A "gambling" is going on: if you guess the player, you can get 60 dollars; If you guess wrong, it's nothing.
"If it costs $20, who wants to buy this opportunity?" Burke Robinson asked questions.
This is a course of "Risk Management and Control" in Stanford University. Robinson on the podium is a consultant professor of management science and engineering at Stanford University, a world-class expert in decision-making, and a managing partner of the leading consulting firm StrategicDecisionsGroup. He has rich experience in making business and investment decisions by using the most advanced means.
Sitting under the stage are students from more than 30 countries who have traveled across the ocean to study here. Their brains are entering the tenth stage of decision-making-choice.
Previously, Robinson used coins to explain that decision trees can help realize "decision structure". As for the uncertainty faced by coins, we all know that the success rate is 50. Who wants to pay $20 for this investment opportunity when the coin turns into a pin pointing to a possible tendency?
Bet or not? In this rapidly changing world, it is a cruel "gamble" for enterprises to make choices about the uncertain future.
But no one thought that the first one took out $20 and put it in Robinson's hand; Xiang Xianquan, director of Zhejiang New Taizhou Law Firm, is a senior lawyer who handles economic disputes all the year round.
"Gambling on Thumbnails"
From the coin toss game to the "thumbtack" game, we need to clarify some basic essentials first.
If the maximum profit of playing coins is $60, then participants will face each other with an average profit of $30 according to a 50% probability. But this is only a statistical theoretical calculation, and in real life, unless you can call many times; Otherwise, he will get 60 dollars or nothing.
"Many investment decisions are one-off." Robinson said that this is the risk of the game and the meaning of decision-making. Decision-making is an unchangeable resource allocation. "It is a controllable behavior, but the development and result of events are uncontrollable."
However, the game of "coin toss" is still worth gambling, because compared with the expected value of $30, the participants may still get a return of "+10" at a cost of $20.
But when the investment opportunity changes from a coin to a thumbtack shaking in a cup, things are different.

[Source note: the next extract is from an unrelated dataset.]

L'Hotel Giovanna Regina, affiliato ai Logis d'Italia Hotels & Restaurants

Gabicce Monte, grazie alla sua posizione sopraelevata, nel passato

The first difference here is that some people think that the probability of needle direction is still 50%; Some people think that the probability of a certain direction is higher;
In this way, people may stand in three columns: the first column is people who have no idea about the orientation of thumbtacks, and their endings are the same as guessing the orientation of coins, with the probability of being right and wrong being 50% respectively; The second column is people who think the thumbtack is biased, but I don't know why.

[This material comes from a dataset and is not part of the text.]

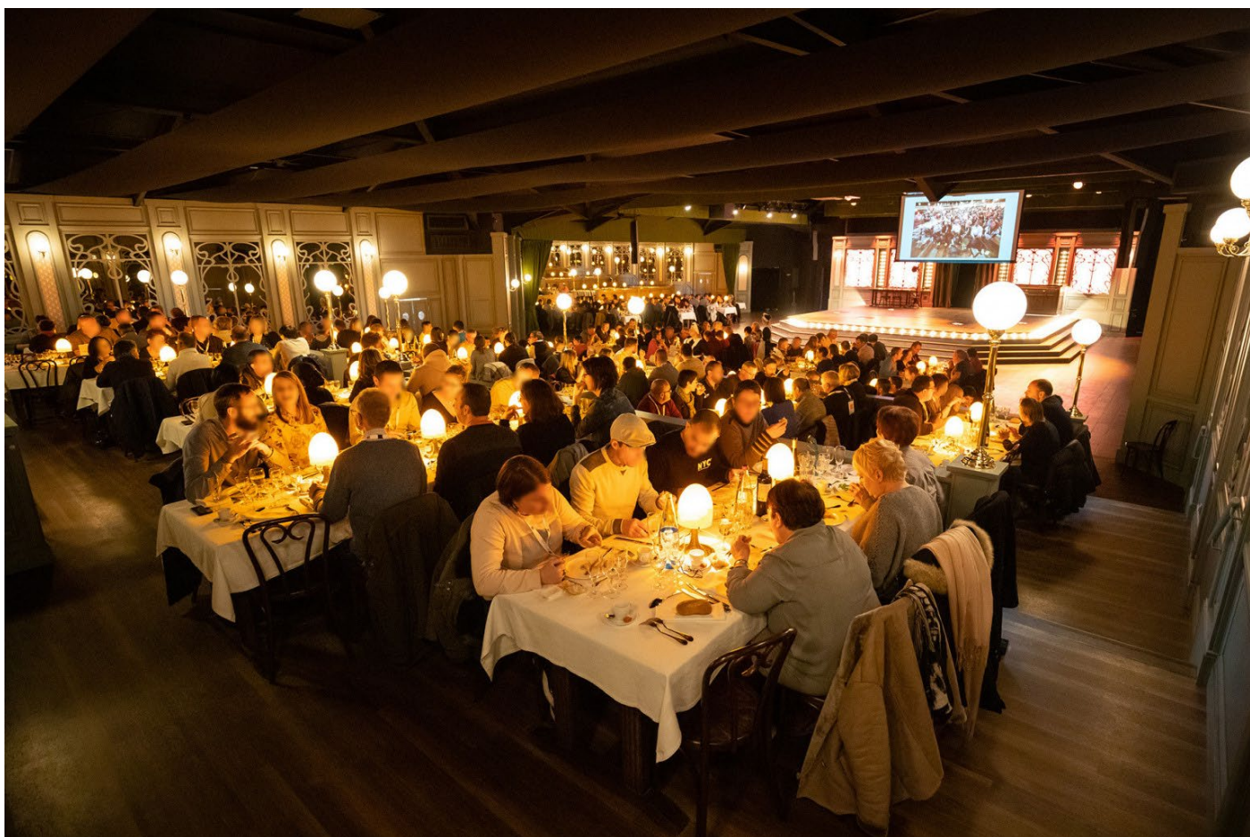
Café de la Madelon – Dîner de Gala

Dans la soirée, au cours de la soirée de Gala , la FFBB remettra les distinctions honorifiques fédérales dont les Coqs de bronze, d'argent et d'Or , puis le Trophée Robert Busnel-Yvan Mainini , plus haute distinction fédérale.

Will things be different for them?
You can assume a strong bias first: the pointer is 80% upward; 20% down payment. Then, the probability of participants guessing upwards is 80% times 50% = 40%; The downward guess probability is 20% times 50%= 10%, that is, the guess probability is 50% (that is, 40%+ 10%). In other words, it doesn't matter whether the thumbtack is tilted or not, because the probability of being right or wrong is still 50%.

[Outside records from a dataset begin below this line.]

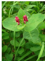
チシマヒョウタンボク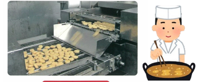
カラット君設置図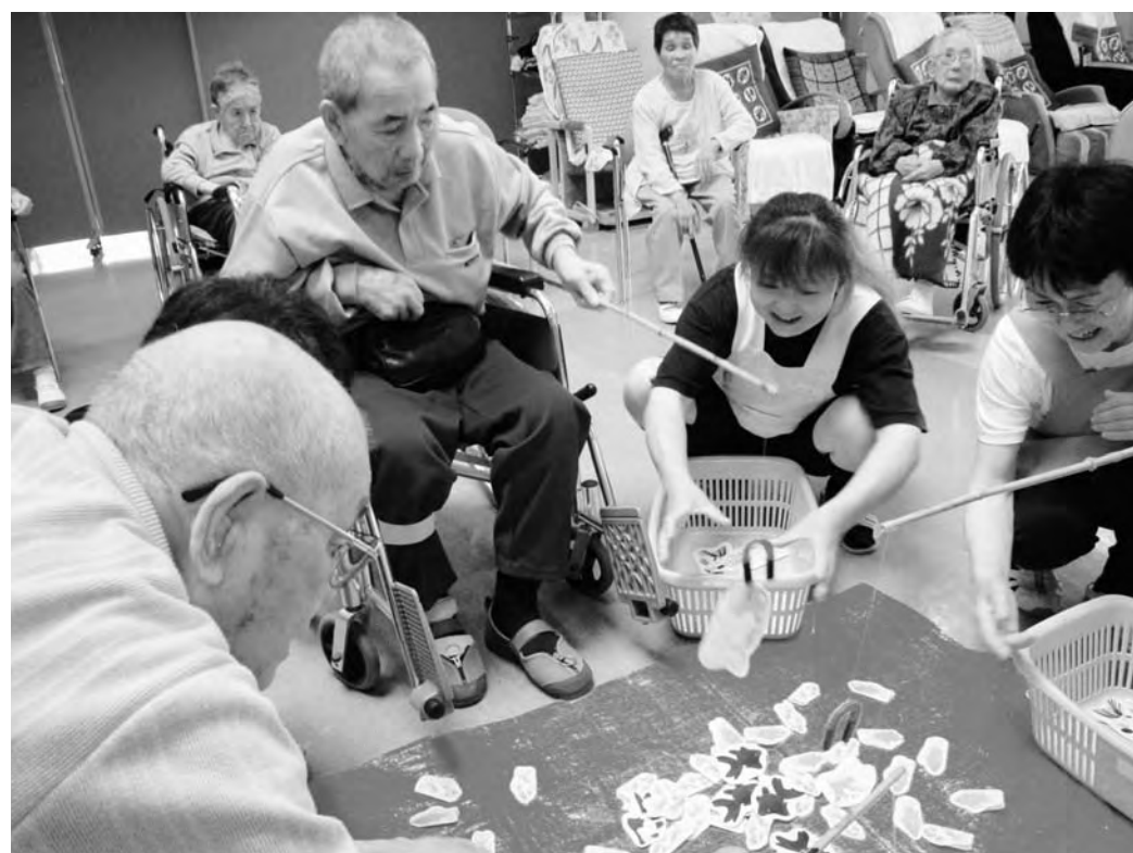
落とさないで、もう少し（広桜荘・釣りゲーム）

③「剰余金の使途」につきましては、今後の法人運営および介護報酬が減額となった場合の人員費等に充当するため、特別基金として積み立てするものですので、ご理解をいただきたいと思っております。

However, there is a third situation, that is, the subjects think they know what the needle tendency is. This is also the original intention of Xiang Xianquan to stand up and "participate in gambling".
When Robinson asked, "What do you think is the upward trend of the needle?" Answer to the lawyer: "80%."
The audience burst into laughter, but this answer just explains why he rushed so fast-if he thinks he knows where 80% of the needle is inclined, then 60 times 80%=48 dollars, and the expected return value of this opportunity is 48-20 (cost) =28 dollars.
According to this subjective probability+term, there are indeed many opportunities.